Coleoptera was also identified as an important component of platypus diet from other studies (Table 1), but they did not rank as highly from the DNA analyses, being the 6th most prevalent order. Interestingly, the order Pulmonata (snails), equal 3rd most prevalent order, was not identified in previous studies as a common order (Table 1). Previous assessments using morphology-based cheek pouch identification note the difficulties in comparing the finely ground shells of bivalves and gastropods29, potentially leading to underestimation in previous studies, with DNA analysis also revealing the order Veneroida (bivalves) were a relatively important dietary component. Reported differences between orders and families in the diet of platypuses between studies may reflect differences in local habitats and macroinvertebrate availability, but may also highlight differences resulting from identification methodology.

While the number of distinct orders and families was higher in summer compared to autumn, there was no significant difference in the average number of orders/families in the samples between these two seasons. Previously reported seasonal differences have been between summer/autumn and winter/spring, when differences in metabolic requirements and prey availability may be greater25,28, possibly explaining why we found no differences in the diet when comparing summer and autumn. Only Diptera and Plecoptera had significant differences in the average DNA reads between seasons, possibly reflecting availability.

There have been no reported differences in the diet of male and female platypuses25,27,28. DNA analysis suggests males and females had the same dominant orders of Ephemeroptera and Diptera in their diet. McLachlan-Troup et al.25 suggest that given males are larger than females, there may be an expected difference in number of taxa consumed between sexes, but that this may not have been detected due to the mastication of prey items in the cheek pouches. However, stable isotope analysis and this DNA analysis also confirms no differences in diet between sexes.
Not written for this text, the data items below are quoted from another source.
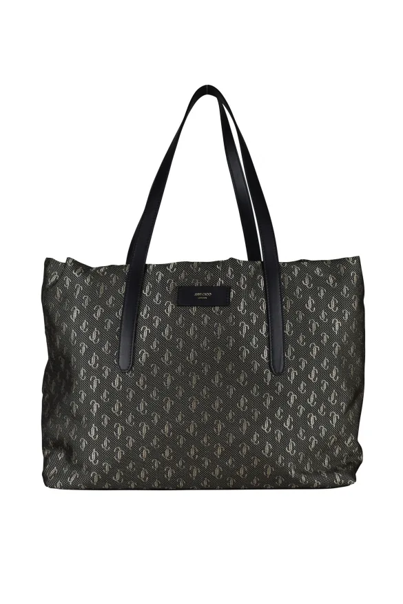 Jimmy Choo handtas van zwart en goud mesh canvas.JC logo met monogram goud over het geheel.Zwarte patch van het merk in leer op de voorkant.Een ruim compartiment.Een klein geïntegreerd vakje.Twee zwarte leren handvatten.Afmetingen: 13x20x25cm.Gemaakt in Italië.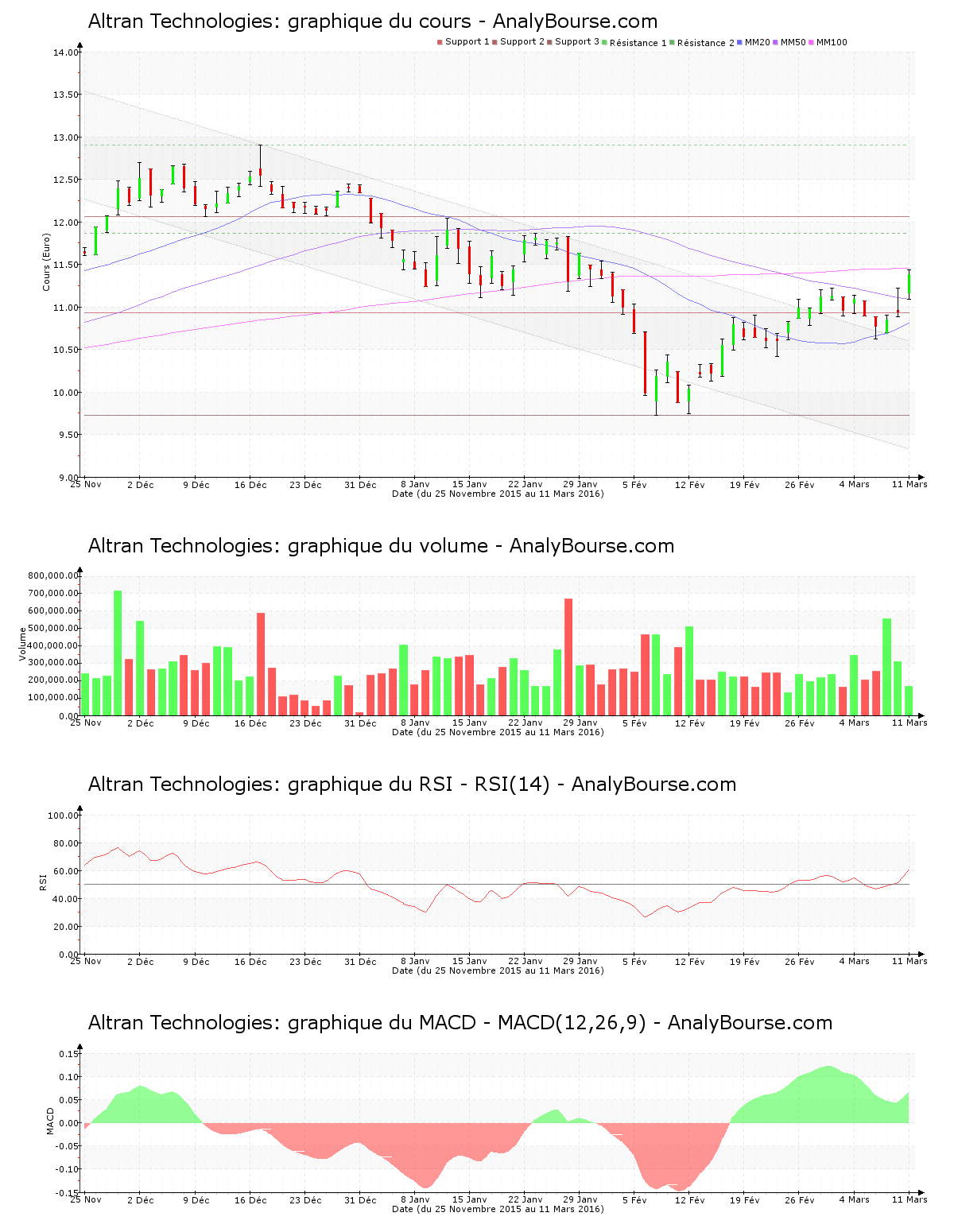 Avec un mouvement haussier de 2.61%, Altran Technologies est en hausse depuis une semaine. Le titre explose de même sur un mois, avec un cours haussier de 15.30%. Le constat est franchement bon depuis un an pour Altran Technologies, avec un développement haussier de 28.15%.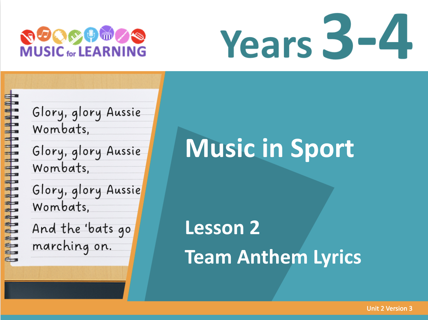 Music for Learning Unit 2 uses direct and explicit instruction to teach students the fundamentals of music. Through engaging, hands-on lessons built around themes such as travel, sport and culture, students explore rhythm, melody, dynamics and musical expression. With no prior music knowledge required, teachers are supported by structured guides, demo videos and audio resources that make lessons simple to deliver. The unit concludes with students applying their learning to perform and create music with confidence.

This study was limited by a small sample size and because the samples used in this study were obtained from a number of rivers across two regions (Fig. 1), which may have confounded results given local differences in macroinvertebrate assemblages. Pooling samples into breeding (spring/summer) and non-breeding (winter/autumn) breeding seasons may have also confounded seasonal differences in diet. Future studies can provide greater clarity on dietary selection across seasons by undertaking macroinvertebrate surveys in conjunction with cheek pouch analyses. We also did not undertake morphological analyses of the cheek pouch samples to make comparisons with DNA metabarcoding results. However, given the high sensitivity of this method, the high number of reported orders and families from a relatively small sample size, and similar reported taxa to previous studies, we expect this method would have resulted in the detection of more orders and families than morphological analysis of the cheek pouch samples. The spoon used to collect cheek pouch material was sterilised using 100% ethanol between samples, but was not flame sterilised, which may have contributed to some contamination between samples.

DNA metabarcoding is clearly a useful tool for assessing the diet of platypuses. It improves the ease of identification compared to morphology-based cheek pouch analysis and may increase detection of soft-bodied organisms which may be underestimated using morphology-based methods. While isotopic analysis is also an effective method for assessing platypus diet, variation can occur depending on the part of body sampled, and taxa cannot always be separated isotopically27. Future studies should aim to maximise sample sizes to allow for more accurate comparisons between seasons and sexes. There are further opportunities for using DNA metabarcoding for assessing platypus diet. It could be used effectively to compare differences in diet across regions and between rivers, as well as for assessing platypus diet in degraded habitats or downstream of heavily regulated rivers where platypuses are suspected to be declining due to changes in the macroinvertebrate composition33.